Each line of the data below between the one containing "Цвет #20F2DF в" and the one containing "When I’m feeling", both included, is to be repeated exactly. Please omit pictures.

Excerpts from a dataset:
== == ==

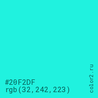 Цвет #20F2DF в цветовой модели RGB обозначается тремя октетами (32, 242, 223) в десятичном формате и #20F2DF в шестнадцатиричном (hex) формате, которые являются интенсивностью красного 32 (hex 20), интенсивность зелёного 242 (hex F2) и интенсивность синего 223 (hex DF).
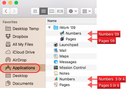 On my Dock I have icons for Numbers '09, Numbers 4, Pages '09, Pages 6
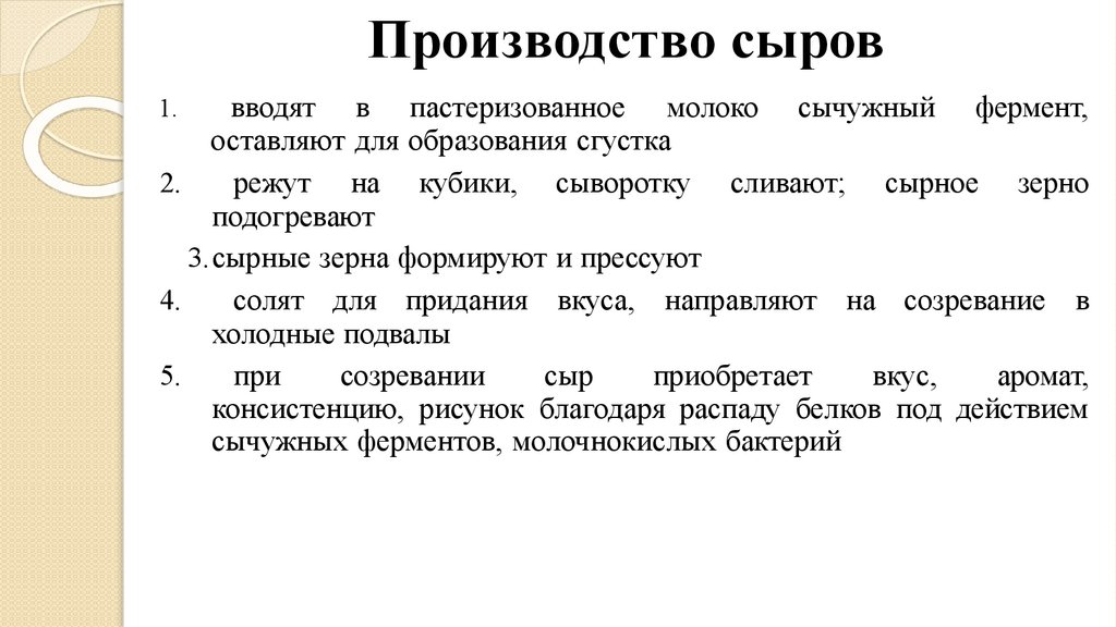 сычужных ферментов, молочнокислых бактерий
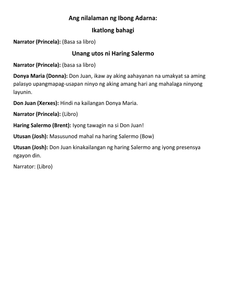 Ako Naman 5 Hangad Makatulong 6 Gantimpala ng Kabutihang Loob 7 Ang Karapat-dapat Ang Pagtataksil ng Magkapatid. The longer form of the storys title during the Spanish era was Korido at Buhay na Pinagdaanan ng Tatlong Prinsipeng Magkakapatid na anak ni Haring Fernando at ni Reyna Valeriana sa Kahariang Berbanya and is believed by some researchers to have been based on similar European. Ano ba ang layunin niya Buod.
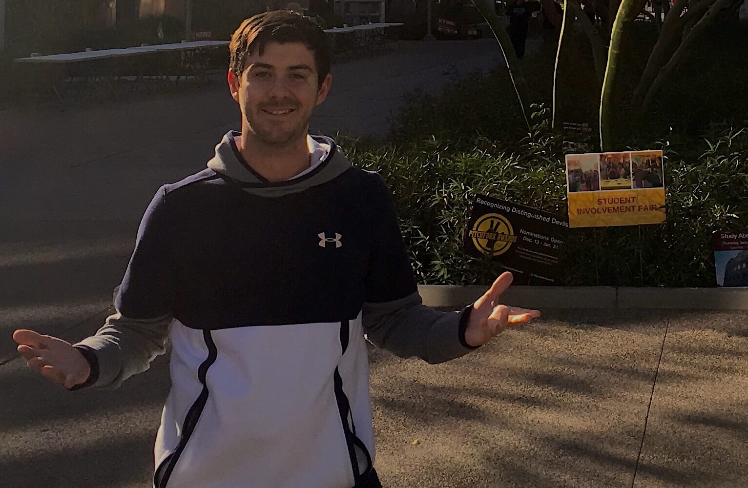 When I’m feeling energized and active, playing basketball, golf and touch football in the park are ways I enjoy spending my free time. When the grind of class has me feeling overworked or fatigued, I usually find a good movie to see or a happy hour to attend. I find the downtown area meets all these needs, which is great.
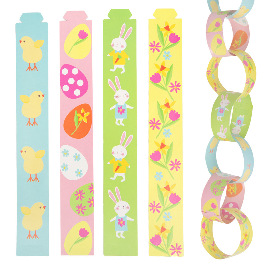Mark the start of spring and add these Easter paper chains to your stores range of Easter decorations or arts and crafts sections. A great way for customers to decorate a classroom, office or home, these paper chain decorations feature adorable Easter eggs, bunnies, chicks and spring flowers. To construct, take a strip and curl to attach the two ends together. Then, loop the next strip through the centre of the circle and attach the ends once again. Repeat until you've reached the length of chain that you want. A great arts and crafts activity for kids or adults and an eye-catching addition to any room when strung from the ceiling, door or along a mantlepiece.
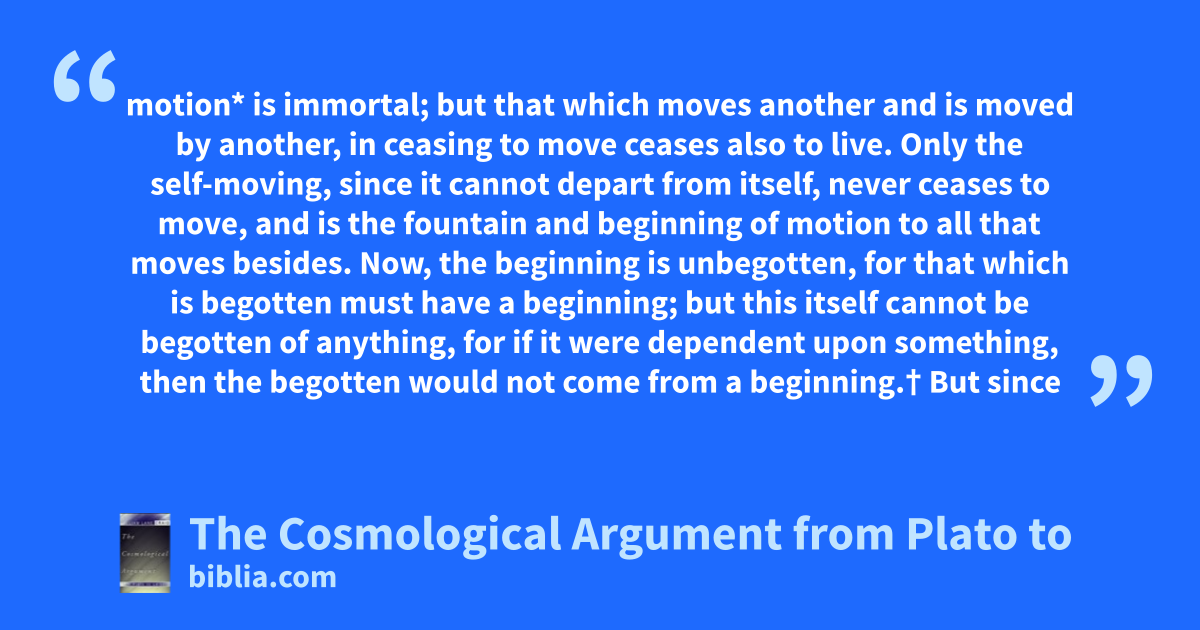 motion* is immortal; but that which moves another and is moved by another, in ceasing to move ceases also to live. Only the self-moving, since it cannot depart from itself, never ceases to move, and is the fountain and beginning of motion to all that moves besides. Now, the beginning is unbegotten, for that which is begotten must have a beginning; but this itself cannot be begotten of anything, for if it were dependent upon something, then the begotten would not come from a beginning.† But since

== == ==

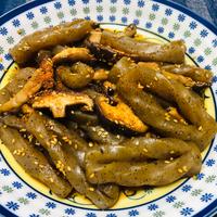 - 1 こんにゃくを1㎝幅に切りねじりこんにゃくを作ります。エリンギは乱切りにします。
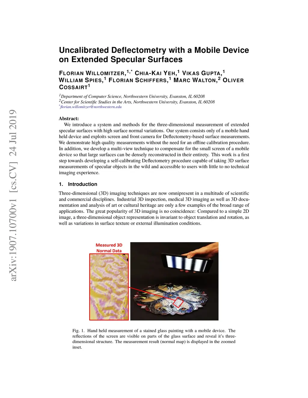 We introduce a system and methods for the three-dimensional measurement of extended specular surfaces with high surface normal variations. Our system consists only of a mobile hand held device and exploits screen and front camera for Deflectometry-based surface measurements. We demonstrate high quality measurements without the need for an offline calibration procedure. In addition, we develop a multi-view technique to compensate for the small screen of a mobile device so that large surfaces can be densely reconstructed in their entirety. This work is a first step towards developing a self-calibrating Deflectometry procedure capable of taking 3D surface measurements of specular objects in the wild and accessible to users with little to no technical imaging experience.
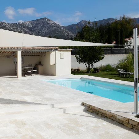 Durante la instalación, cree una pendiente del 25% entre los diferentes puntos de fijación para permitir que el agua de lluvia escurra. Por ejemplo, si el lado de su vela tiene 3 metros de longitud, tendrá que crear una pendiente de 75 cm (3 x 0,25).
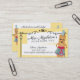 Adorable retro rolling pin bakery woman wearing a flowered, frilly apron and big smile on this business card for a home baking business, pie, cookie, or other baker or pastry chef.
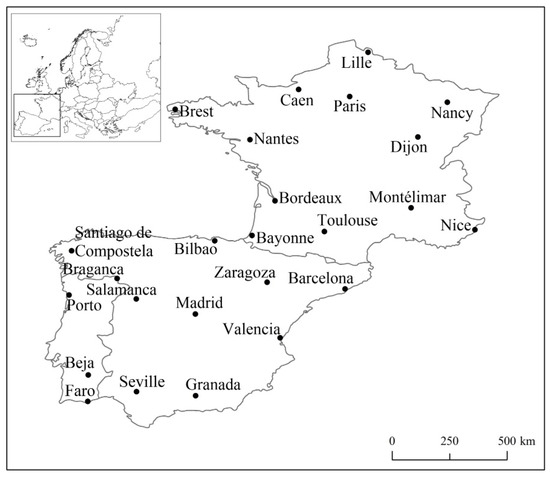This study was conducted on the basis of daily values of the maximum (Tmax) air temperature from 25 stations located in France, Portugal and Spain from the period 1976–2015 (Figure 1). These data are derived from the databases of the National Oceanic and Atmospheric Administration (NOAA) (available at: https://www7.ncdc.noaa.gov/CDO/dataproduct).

== == ==

## Answer to the exercise
 Цвет #20F2DF в цветовой модели RGB обозначается тремя октетами (32, 242, 223) в десятичном формате и #20F2DF в шестнадцатиричном (hex) формате, которые являются интенсивностью красного 32 (hex 20), интенсивность зелёного 242 (hex F2) и интенсивность синего 223 (hex DF).
 On my Dock I have icons for Numbers '09, Numbers 4, Pages '09, Pages 6
 сычужных ферментов, молочнокислых бактерий
 Ako Naman 5 Hangad Makatulong 6 Gantimpala ng Kabutihang Loob 7 Ang Karapat-dapat Ang Pagtataksil ng Magkapatid. The longer form of the storys title during the Spanish era was Korido at Buhay na Pinagdaanan ng Tatlong Prinsipeng Magkakapatid na anak ni Haring Fernando at ni Reyna Valeriana sa Kahariang Berbanya and is believed by some researchers to have been based on similar European. Ano ba ang layunin niya Buod.
 When I’m feeling energized and active, playing basketball, golf and touch football in the park are ways I enjoy spending my free time. When the grind of class has me feeling overworked or fatigued, I usually find a good movie to see or a happy hour to attend. I find the downtown area meets all these needs, which is great.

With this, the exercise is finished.